Keesokan paginya, saat Luca duduk di mejanya di studio seni, ia tidak bisa menahan perasaannya yang bergejolak setiap kali ia melirik ke arah Nao. Mata mereka bertemu, dan mereka bertukar senyum penuh pengertian, kenangan ciuman mereka masih hangat di bibir mereka. Sepanjang hari, mereka menemukan cara untuk menyelinap menjauh dari meja kerja mereka, mencuri waktu berdua untuk berbagi kata-kata yang penuh semangat dan cinta.

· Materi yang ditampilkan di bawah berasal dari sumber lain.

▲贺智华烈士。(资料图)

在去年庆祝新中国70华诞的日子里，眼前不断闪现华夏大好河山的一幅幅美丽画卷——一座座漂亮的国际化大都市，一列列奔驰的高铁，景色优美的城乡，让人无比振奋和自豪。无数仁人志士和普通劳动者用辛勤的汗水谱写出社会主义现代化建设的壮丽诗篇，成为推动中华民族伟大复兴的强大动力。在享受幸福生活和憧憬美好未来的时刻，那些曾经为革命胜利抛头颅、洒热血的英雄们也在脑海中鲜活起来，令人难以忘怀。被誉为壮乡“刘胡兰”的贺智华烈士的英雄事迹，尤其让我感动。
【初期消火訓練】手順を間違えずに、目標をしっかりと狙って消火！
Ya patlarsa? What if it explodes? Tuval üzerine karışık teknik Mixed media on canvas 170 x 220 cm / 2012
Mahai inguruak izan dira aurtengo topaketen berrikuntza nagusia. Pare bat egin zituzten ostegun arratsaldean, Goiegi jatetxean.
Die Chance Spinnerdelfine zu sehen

Seiring berjalannya waktu, mereka semakin nyaman dengan hubungan yang baru mereka temukan, menemukan penghiburan dalam tindakan sederhana saat bersama. Mereka belum tahu apa yang akan terjadi di masa depan, tetapi untuk saat ini, mereka puas menikmati saat ini, menghargai cinta yang telah mereka temukan satu sama lain.

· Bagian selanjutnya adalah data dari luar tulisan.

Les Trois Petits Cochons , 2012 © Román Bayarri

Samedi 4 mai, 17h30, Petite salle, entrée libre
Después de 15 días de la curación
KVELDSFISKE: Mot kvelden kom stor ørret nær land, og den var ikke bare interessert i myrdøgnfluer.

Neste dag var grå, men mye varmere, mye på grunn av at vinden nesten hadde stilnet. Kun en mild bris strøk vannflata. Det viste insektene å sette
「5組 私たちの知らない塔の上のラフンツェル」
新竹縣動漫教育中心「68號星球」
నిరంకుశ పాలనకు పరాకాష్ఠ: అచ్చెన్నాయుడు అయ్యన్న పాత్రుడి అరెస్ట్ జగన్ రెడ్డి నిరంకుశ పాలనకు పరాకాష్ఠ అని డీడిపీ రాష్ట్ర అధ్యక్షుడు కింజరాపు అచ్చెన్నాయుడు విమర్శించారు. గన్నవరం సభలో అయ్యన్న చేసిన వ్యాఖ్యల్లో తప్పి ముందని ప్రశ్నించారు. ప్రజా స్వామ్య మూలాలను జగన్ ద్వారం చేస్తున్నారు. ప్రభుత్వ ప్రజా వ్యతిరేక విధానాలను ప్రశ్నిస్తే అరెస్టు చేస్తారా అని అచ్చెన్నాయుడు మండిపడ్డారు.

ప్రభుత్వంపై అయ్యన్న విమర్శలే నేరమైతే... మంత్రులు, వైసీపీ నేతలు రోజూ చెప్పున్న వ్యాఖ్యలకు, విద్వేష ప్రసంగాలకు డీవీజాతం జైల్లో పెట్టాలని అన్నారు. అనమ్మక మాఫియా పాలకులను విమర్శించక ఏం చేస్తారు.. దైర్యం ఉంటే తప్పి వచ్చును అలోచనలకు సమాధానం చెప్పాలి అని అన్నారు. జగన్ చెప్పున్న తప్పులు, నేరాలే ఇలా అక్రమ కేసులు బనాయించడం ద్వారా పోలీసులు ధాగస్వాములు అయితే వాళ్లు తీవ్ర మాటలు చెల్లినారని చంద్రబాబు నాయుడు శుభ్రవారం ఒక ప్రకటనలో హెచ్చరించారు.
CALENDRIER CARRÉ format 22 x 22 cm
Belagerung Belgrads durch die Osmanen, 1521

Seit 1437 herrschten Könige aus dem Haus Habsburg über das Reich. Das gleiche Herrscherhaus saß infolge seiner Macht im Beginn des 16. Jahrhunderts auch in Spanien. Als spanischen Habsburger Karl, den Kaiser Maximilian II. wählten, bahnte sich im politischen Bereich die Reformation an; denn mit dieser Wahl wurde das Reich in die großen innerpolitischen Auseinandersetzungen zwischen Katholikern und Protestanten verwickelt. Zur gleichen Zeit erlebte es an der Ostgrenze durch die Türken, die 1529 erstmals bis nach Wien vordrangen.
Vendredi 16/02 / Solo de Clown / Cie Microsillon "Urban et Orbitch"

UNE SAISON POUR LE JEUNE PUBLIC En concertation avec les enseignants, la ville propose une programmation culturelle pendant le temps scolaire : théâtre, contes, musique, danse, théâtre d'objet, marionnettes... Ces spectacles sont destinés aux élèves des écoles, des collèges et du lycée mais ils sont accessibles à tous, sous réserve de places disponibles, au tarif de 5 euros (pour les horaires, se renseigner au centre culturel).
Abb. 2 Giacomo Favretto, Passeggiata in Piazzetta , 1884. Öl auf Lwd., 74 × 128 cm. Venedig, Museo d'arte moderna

Menjelang akhir hari, mereka membuat rencana untuk akhir pekan, ingin sekali menghabiskan lebih banyak waktu bersama jauh dari tekanan sekolah dan dunia luar. Mereka mendiskusikan tentang hiking di taman nasional terdekat, bahkan mungkin memasak makan malam bersama di rumah Nao. Kemungkinannya tampak tidak terbatas, dan untuk pertama kalinya setelah sekian lama, Luca merasakan harapan dan kegembiraan yang menggelegak di dalam dirinya.

Akhirnya, saat siswa terakhir keluar dari studio seni, Luca dan Nao berdiri, merapikan pakaian mereka dan bersiap untuk kembali ke asrama. Mereka berjalan berdampingan, bergandengan tangan, kehangatan kulit mereka menjadi bukti keakraban yang semakin erat. Udara terasa sejuk, langit berwarna nila pekat saat matahari mulai terbenam, mewarnai dunia dengan warna merah jambu dan oranye. Ini adalah malam yang sempurna, dan mereka berdua tahu itu.

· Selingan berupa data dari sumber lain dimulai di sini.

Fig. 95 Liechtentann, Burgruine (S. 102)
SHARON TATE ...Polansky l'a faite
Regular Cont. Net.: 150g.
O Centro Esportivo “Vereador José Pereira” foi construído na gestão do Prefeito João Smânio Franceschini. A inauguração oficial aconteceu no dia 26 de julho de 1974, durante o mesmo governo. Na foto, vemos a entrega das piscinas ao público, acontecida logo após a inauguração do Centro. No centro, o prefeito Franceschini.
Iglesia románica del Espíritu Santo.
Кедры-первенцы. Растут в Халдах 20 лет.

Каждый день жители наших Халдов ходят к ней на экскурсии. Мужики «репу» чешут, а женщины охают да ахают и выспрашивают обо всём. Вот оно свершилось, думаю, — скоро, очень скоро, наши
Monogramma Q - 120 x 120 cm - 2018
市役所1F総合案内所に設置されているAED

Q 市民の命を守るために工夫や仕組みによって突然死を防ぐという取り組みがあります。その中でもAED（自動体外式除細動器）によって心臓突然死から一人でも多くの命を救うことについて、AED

Mereka berhenti di luar pintu masuk studio seni, menikmati keindahan saat itu. "Aku sangat senang kamu menciumku tadi malam," Nao mengaku, menatap Luca sambil tersenyum malu-malu. "Aku tidak pernah merasa seperti ini pada siapa pun sebelumnya."

Luca membalas senyuman itu, hatinya membengkak karena cintanya pada wanita itu. "Aku juga. Aku tidak pernah sebahagia ini." Dia ragu-ragu sejenak, lalu menarik napas dalam-dalam. "Aku ingin menghabiskan waktu sebanyak mungkin denganmu akhir pekan ini. Aku ingin membuat kenangan bersamamu."

Nao mengangguk, matanya bersinar dengan air mata yang tak tertahankan. "Aku sangat menginginkannya." Mereka berdiri di sana sejenak, tenggelam dalam pikiran mereka sendiri, sebelum perlahan-lahan mulai berjalan lagi, tangan mereka masih terjalin erat.